Looking at these meanings, the mnemonic of each representing a concept of something being beneath something seems to hold in none of them. Even if one would want to come up with a better rule of thumb, these Kanji seem to have little to do with each other in meaning. It may be a consolation, though, that at least two of them, mouth and prisoner, have meanings that do seem graphically quite intuitively represented. In the case of the prisoner it might be helpful for many people, though, to know the character for “person” 人 (jin, じん), because it may not be apparent to everyone that just those two strokes, in the absence of anything resembling arms, represents a human. Once you do know the character for human, though, it is even easier for you to remember that the very first character in the list above represents a prisoner, because it is even easier to see then that it looks like a caged person.

A Different Way to Remember Kanji

And this bring us to both where I feel the usefulness of graphical analogies as mnemonics for kanji unfortunately ends and where my newly found, improved substitute for such crutches begins. In the beginning of this post I said that early on in my effort to learn Japanese many kanji seemed a bit like arbitrary strokes or shapes at various angles. With kanji like 艤 even a native Japanese speaker might be able to relate to this. However, as illustrated with the character for “prisoner” above, once one has done the effort to learn a few characters and has a decent repertoire of maybe not even a hundred kanji, one will increasingly see kanji that are already familiar repeated in other kanji. For example, the kanji for “bright” 明 consists of the characters for “month” or “moon” 月 and the one for “sun” or “day” 日. Thus, instead of trying to graphically remember each stroke in the more complex character, one could simply remember that bright consists of “day” and “moon”. Semantically it may still not make much sense that these two concepts yield the third, but as for writing or recognizing that character I feel it is tremendously helpful to have already had firmly committed the constituent characters to memory. There are many other kanji for which this works and it is certainly no secret for anyone having spent any significant amount of time studying kanji, but I think it is encouraging to know for beginning students of Japanese and maybe even a useful technique to more consciously employ for intermediate students.

Another Technique

The problem with many other kanji is that they are complex or unfamiliar enough that simply remembering all components one has seen from other kanji is not enough to fully remember the kanji – at least that is my experience. Even if I remembered all the components, the kanji has so many strokes that knowing the radical and all other components does not make it obvious how these are arranged. There seems to be no way around simply committing this particular arrangement of strokes of that one kanji to memory through raw studying. As for doing so there is a very helpful phenomenon that is well-known in learning psychology, has been proven in various studies, and I have found tremendously useful for learning in general. I am referring to the “Test Effect“. The idea is that memory retention is far higher if a given subject material is repeatedly recalled from memory, instead of just repeatedly reviewed. For example, instead of reading a text five times, reading it twice and taking a test in by answering questions about that text three times on average yields a higher memory retention.

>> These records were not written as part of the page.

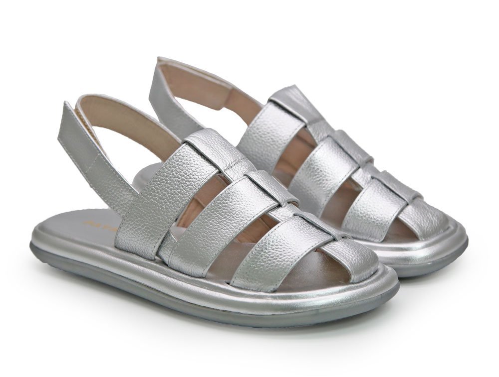 Sandalia plana en cuero plata con tiras anchas cruzadas (tipo canasta), que brindan mayor ajuste. Cuenta con plantilla acolchada ,suela de goma antideslizante y correa en velcro. Ideales para el uso diario o para complementar un look casual con estilo. Hechas por manos colombianas |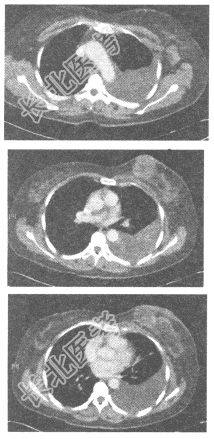 - 单项选择题患者,女性, 56岁,胸部CT发现乳腺占位性病变, 图像如下,以下对该患者乳腺病变较精确的诊断应为
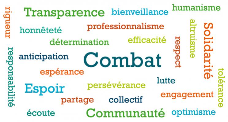 Pour que la communauté des adhérents, des bénévoles, des soignants et des chercheurs œuvre avec plus de force et de rapidité au bénéfice des malades et des familles. Pour qu’altruisme, bienveillance et respect guident nos actions.

I am a software engineer, so I find analogies from computer science most illustrative: it is like the read-paths in our brain are separate from the write-paths. A write-path wires the information into the brain, or writes it onto a hard disk. However, the memory is ephemeral so the information dissipates over time. The read-path, on the other hand, reads the information back, which corresponds from trying to recall it or being tested on it. It is as if reading from your hard disk commits the information more firmly into your memory by exercise the exact neurological pathways that will be exercised in the future when you are trying to recall that information – and possibly fail, because you had only exercised the write-paths of your brain.

Back to kanji, I have employed the above principle with great success. I cannot make you amazing promises like the ads elsewhere on the Internet, claiming you would learn Japanese in just two weeks, or ridiculous things like that, but the kanji I am learning this way are more quickly and more firmly committed to my memory than any other way I have been learning them. I can learn a kanji, never look at it a second time, and still recall it weeks afterwards without having to refresh on it.

I’m sorry I left you hanging so long. I didn’t mean for it to be like one of those ads that entice you to click on them by promising you unknown riches and having you sit through a fifteen minute flash animation just to sell you some product on the final slide (yes, in this case it would probably have been that “Pimsleur” method you see all over when looking for language training on the Internet, although it seems it does try to monetize a similar idea).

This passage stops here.